Section 1: Global market update
EDITORIAL: GLOBAL STATE OF THE DLT ECOSYSTEM
Please note that the present report covering Q4 2019, is issued as Q1 2020 starts, as will be the case from now on. This issue of Blockchain Quarterly is somewhat light, compared to previous editions. Overall, the material that has emerged from this review shows an incremental evolution, rather than disruptive developments. To an extent, this slowdown in important news is proof that a moment has been reached in the growth of the technology and its business cases when the development of products and services takes some time.
Our deep impression, when performing press reviews, is that there are still many theoretical, forward-looking, almost philosophical articles being published, mostly accurate, but with relatively few success stories hitting the headlines. The hype, which had picked up in the first half of 2019, is now at its lowest again, with worrisome positions taken by some countries, and no real technical progress, or proof, or public adoption to counterbalance this.

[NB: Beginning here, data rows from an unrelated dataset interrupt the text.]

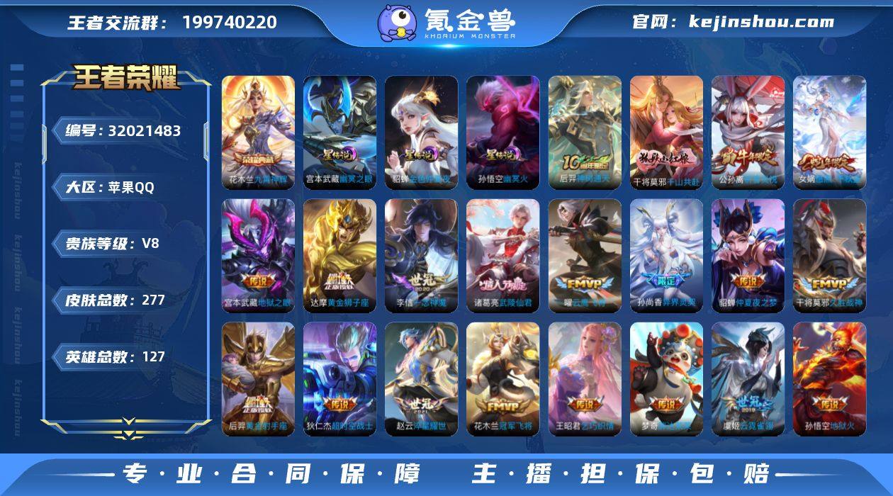 苹果Q-V8-至尊星耀IV段位-127英雄-277皮肤-1典藏皮肤-21传说-88史诗【英雄全皮】:孙权全皮【荣耀典藏】:花木兰九霄神辉【传说皮肤】:后羿神树通天,干将莫邪千山共赴,女娲愿照千秋盛,孙尚香异界灵契,赵云淬星耀世,王昭君乞巧织情,公孙离祈雪灵祝,虞姬启明星使,曜云鹰飞将,李信一念神魔,干将莫邪久胜战神,虞姬云霓雀翎,达摩黄金狮子座,花木兰冠军飞将,梦奇胖达荣荣,后羿黄金射手座,诸葛亮武陵仙君,貂蝉仲夏夜之梦,宫本武藏地狱之眼,孙悟空地狱火,狄仁杰超时空战士【限定皮肤】:狄仁杰阴阳师,赵云皇家上将,嬴政优雅恋人,孙尚香蔷薇恋人,孙尚香异界灵契,鲁班七号狮舞东方,庄周高山流水,高渐离死亡摇滚,芈月重明,芈月白晶晶,元歌云间偶戏,夏侯惇朔风刀,甄姬女儿国国王,曹操烛龙,典韦穷奇,典韦蓝屏警告,马可波罗逐梦之星,马可波罗暗影游猎,狄仁杰魔术师,狄仁杰万华元夜,达摩沙漠行僧,项羽海滩派对,老夫子醍醐杖,关羽冰锋战神,程咬金演武夺筹,韩信逐梦之影,兰陵王金庭之子,花木兰青春决赛季,花木兰默契交锋,亚瑟潮玩骑士王,孙悟空至尊宝,孙悟空孙行者,牛魔御旌,李元芳云中旅人,虞姬霸王别姬,虞姬启明星使,钟馗神迹守卫,钟馗驱傩正仪,女娲朔望之晖,干将莫邪冰霜恋舞曲,蔡文姬繁星吟游,鬼谷子原初探秘者,鬼谷子五谷丰年,诸葛亮武陵仙君,大乔白鹤梁神女,铠青龙志,苏烈千军破阵,弈星混沌棋,公孙离祈雪灵祝,沈梦溪大漠名商,明世隐疑决卦,裴擒虎李小龙,裴擒虎擒涛扼浪,狂铁御狮,米莱狄御霄,云中君纤云弄巧,伽罗天狼溯光者,盾山御銮,猪八戒西部大镖客,嫦娥拒霜思,鲁班大师探海日志,镜匿光追影者,桑启海盐诗旅,张良古海寻踪,蒙恬荣光圣徽,鬼谷子天穹祈灯,沈梦溪龙舞盛年,刘邦剑破天穹,刘备异域游侠,周瑜熔金海岸【年限皮肤】:铠...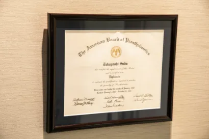 さまざまな学会への参加・発表を経て、日本では誰も手にしたことのない世界最高峰の資格である、米国ボード認定補綴専門医の資格を取得しております。補綴専門医とは、審美、インプラント、かみ合わせ治療のみならず、それらの内容をより複雑なケースでどのように対応していくか総合的に判断することができると認定された歯科医です。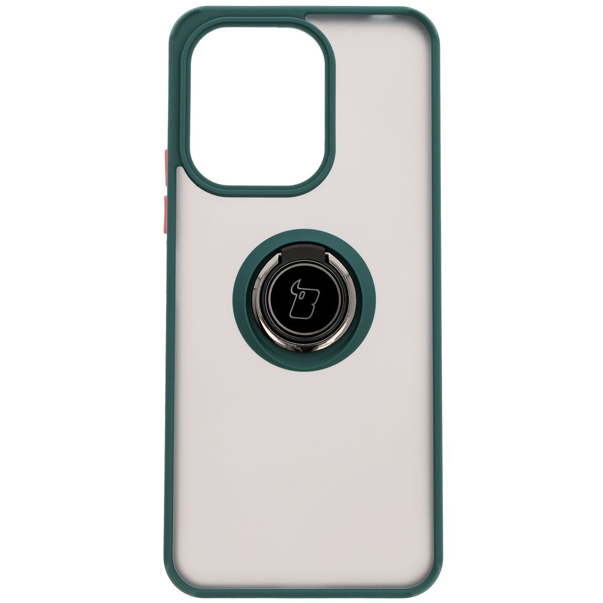 Etui z uchwytem na palec Bizon Case Hybrid Ring do Xiaomi Redmi 13 4G, przydymione z ciemnozieloną ramką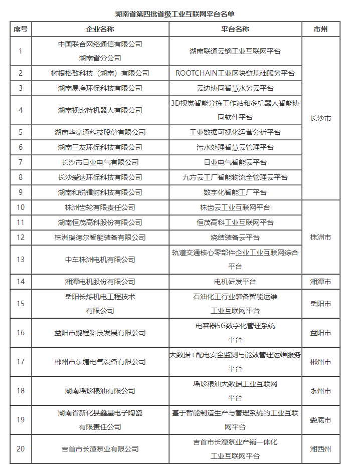 為深入貫徹落實黨的二十大精神,深化新一代信息技術(shù)與制造業(yè)融合發(fā)展,加快推進工業(yè)互聯(lián)網(wǎng)創(chuàng)新發(fā)展示范區(qū)建設(shè),根據(jù)《湖南省省級工業(yè)互聯(lián)網(wǎng)平臺認定管理辦法》(湘工信人工智能〔2020〕222號),省工信廳組織對列入2022年湖南省工業(yè)互聯(lián)網(wǎng)平臺建設(shè)計劃的平臺進行了驗收。經(jīng)企業(yè)申報、市州工信部門推薦、專家評審、線上答辯、網(wǎng)上公示等程序,同意認定湖南聯(lián)通云鏑工業(yè)互聯(lián)網(wǎng)平臺等20個工業(yè)互聯(lián)網(wǎng)平臺為第四批省級工業(yè)互聯(lián)網(wǎng)平臺,現(xiàn)予公布。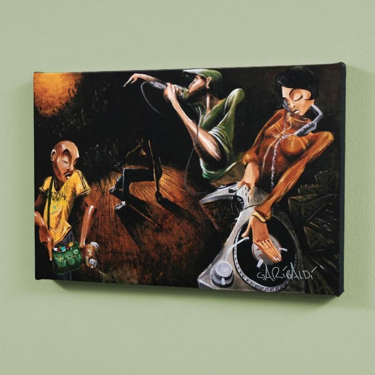 Combining his passions for music and art, David Garibaldi creates visual poetry. "The Get Down" is a limited edition giclee on stretched canvas, R numbered and bearing the artist's authorized signature. This piece comes gallery wrapped. Includes Certificate of Authenticity! Measures approx. 24" x 16" (image).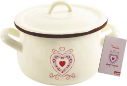Elegantă oală emailată cu capac și mânere confortabile pentru gătit zilnic. Are un volum de 2,3 l, diametru de 16 cm și este potrivită pentru toate tipurile de plite, inclusiv inducție. Oțel emailat sigur pentru sănătate, în culoare crem cu motiv inimă, ușor de întreținut și posibilitate de spălare în mașina de spălat vase.

COMMENTS ON CRYPTO-ASSETS MARKETS
Cryptocurrency prices have gone through some turmoil during the last three months.
The crazy, impulsive move seen in the spring was too good to be true. It was too much; the surge in prices was unreasonable. In that respect, the current retreat can be seen as a stabilization within a more significant trend.
It is always challenging to explain recent movements in financial markets; and somewhat easy to find reasons for past behaviors, but as we will detail chapter by chapter in this Quarterly, there has been a shortage of fundamentally positive news in the crypto world.
As outlined in our previous issues, all categories of cryptocurrencies are not behaving in an entirely similar manner. While Bitcoin has held some of the gains it made in 2019, this has not been the case for smaller-platform native currencies, let alone ICO tokens which are continuing to collapse, in what looks to be the middle of the cryptowinter, for them.
The correlation between crypto assets has significantly decreased for the last year.
This decorrelation seems to be indicating a maturing sector as cryptoassets have very different natures.
Exchange volumes declined significantly in September compared to this summer. Data gathered from exchanges remain unreliable, so it is challenging to assess genuine exchange volumes worldwide. Still, the figures indicate that, overall, there is no sign of volume fading.
When liquidity decreases, volatility can be expected to increase. Lately, this has been the case for crypto assets, because, as just mentioned, volumes are down. And indeed, we continue to see that whenever a market shock occurs with an increase in volumes, prices increase significantly.
Overall, observers expect volatility to continue, and indeed, there is no reason we can find to indicate otherwise, not before more adoption occurs.
INTERACTION WITH MACROECONOMICS
After a shaky 2018, stock markets are recording a positive 2019, which extends this growth cycle. As at the time of writing, share prices of American companies are pushing their all-time highs. Regardless of whether you regard this as total nonsense, or you see this as an effect of unprecedented advances in productivity thanks to robotics, internet platforms, and globalized competition, the fact remains that global markets, as a whole, have decided that stocks were not yet overpriced. How long it will take before we see a significant correction is unknown.
That’s how it is, however, we have no choice but to wonder, what if it continues, and what if it crashes?
If stock markets crash in short to mid-term, reactions by central bankers are likely to be similar to those implemented in 2008: quantitative easing, increasing liquidity to prevent the economy from being short of funds. However, experts doubt that it will have the same impact it had after the GFC and may require central bankers to go even further with the level of money creation. In turn, this will dilute the holdings of individuals and companies who sit on cash, and this could negatively affect confidence in politically-influenced fiat currencies, which may then lead to a flight of capital to diversify into crypto assets, such as Bitcoin.
On the other hand, if stock markets do not crash in the short or mid-term, this would mean that companies are conducting good business and generating revenue for investors, thereby fueling investments in technology, among them, blockchain. It is entirely feasible that sustained signs of progress in solving current DLT issues, combined with an abundance of capital, could trigger, and then fuel, yet another crypto bubble.
An often-shown picture is Gartner’s curve of adoption. It is indeed suggesting that blockchain still has a long way to go, and we are only just at the beginning of the journey on the road to widespread usage.